> _Data excerpt_:
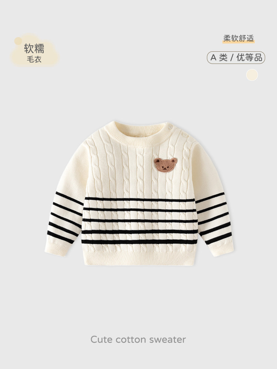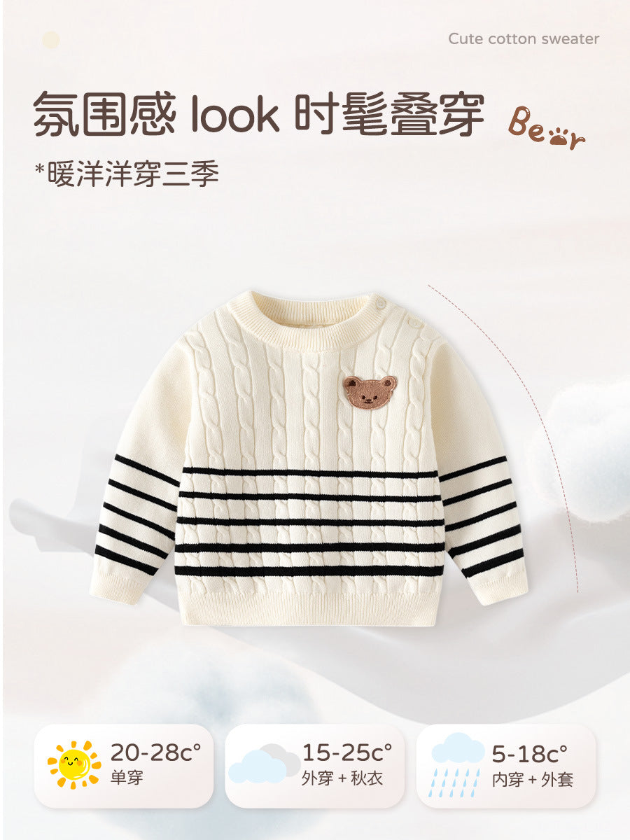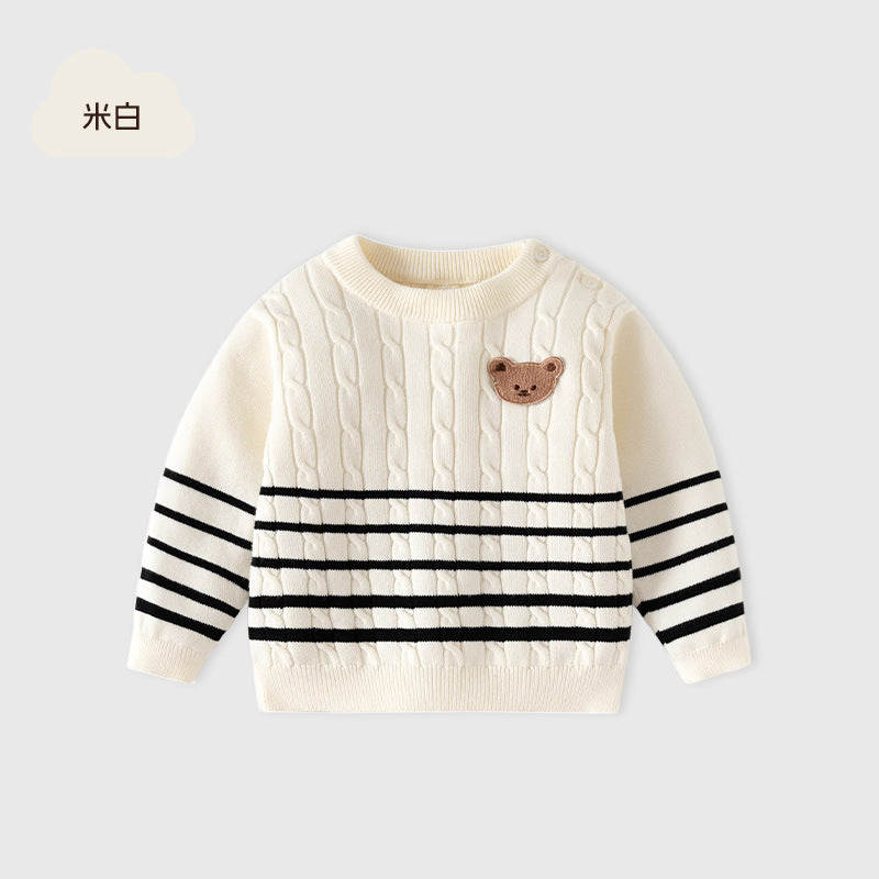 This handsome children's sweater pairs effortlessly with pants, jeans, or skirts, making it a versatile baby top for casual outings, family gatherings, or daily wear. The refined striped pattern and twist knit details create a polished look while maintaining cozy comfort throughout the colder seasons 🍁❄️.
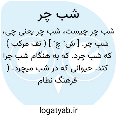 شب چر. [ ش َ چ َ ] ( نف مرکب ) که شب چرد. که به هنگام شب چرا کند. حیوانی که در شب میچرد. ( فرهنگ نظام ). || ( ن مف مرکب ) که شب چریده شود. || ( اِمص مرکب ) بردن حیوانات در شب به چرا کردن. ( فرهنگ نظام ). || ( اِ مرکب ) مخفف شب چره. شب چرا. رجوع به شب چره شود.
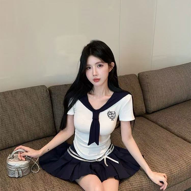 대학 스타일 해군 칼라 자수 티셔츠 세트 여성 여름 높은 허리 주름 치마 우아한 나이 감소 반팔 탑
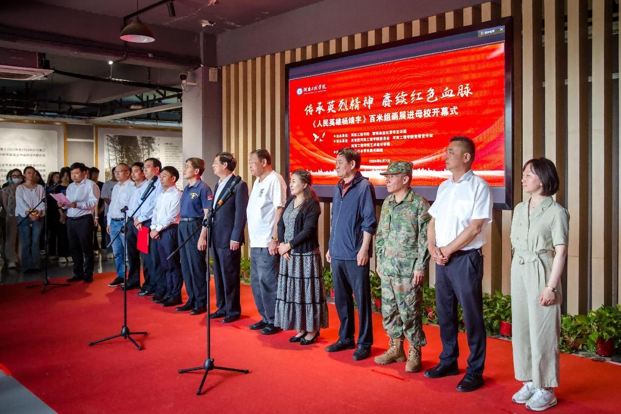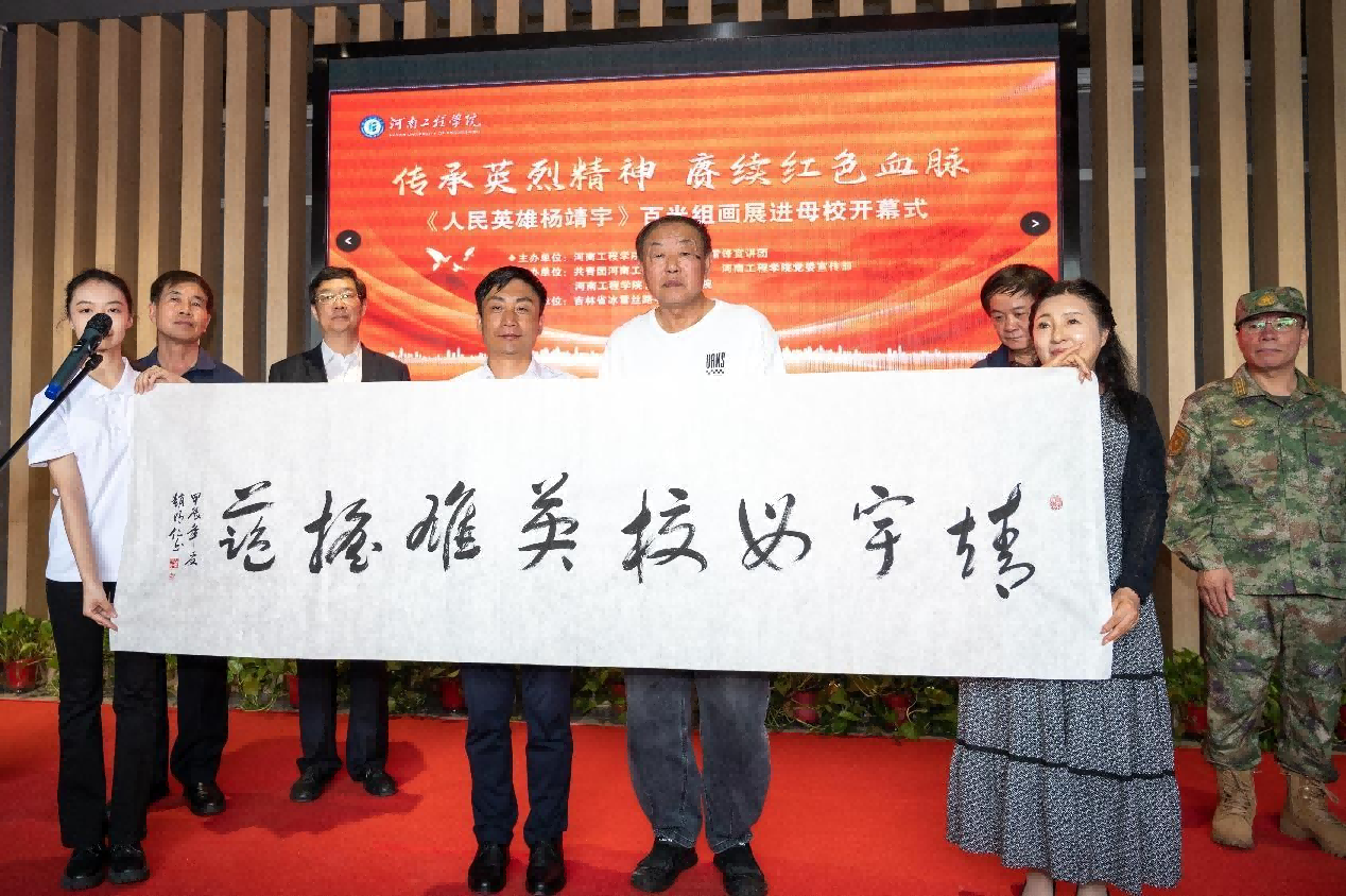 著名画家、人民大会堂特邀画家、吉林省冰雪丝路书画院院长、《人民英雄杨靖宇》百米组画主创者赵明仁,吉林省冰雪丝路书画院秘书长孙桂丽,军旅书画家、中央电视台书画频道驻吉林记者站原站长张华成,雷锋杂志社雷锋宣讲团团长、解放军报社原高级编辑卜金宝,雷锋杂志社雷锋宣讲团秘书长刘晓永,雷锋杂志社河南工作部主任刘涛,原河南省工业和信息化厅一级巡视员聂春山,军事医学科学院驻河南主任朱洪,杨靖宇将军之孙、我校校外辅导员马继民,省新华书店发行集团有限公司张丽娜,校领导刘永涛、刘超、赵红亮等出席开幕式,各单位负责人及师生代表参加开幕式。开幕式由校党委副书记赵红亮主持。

> _Exercise objective_:
The lines from the start of the data through the line that contains "شب چر. [ ش َ" are to be returned exactly, please, with both ends included and every picture left out.

> _Response area_:
 This handsome children's sweater pairs effortlessly with pants, jeans, or skirts, making it a versatile baby top for casual outings, family gatherings, or daily wear. The refined striped pattern and twist knit details create a polished look while maintaining cozy comfort throughout the colder seasons 🍁❄️.
 شب چر. [ ش َ چ َ ] ( نف مرکب ) که شب چرد. که به هنگام شب چرا کند. حیوانی که در شب میچرد. ( فرهنگ نظام ). || ( ن مف مرکب ) که شب چریده شود. || ( اِمص مرکب ) بردن حیوانات در شب به چرا کردن. ( فرهنگ نظام ). || ( اِ مرکب ) مخفف شب چره. شب چرا. رجوع به شب چره شود.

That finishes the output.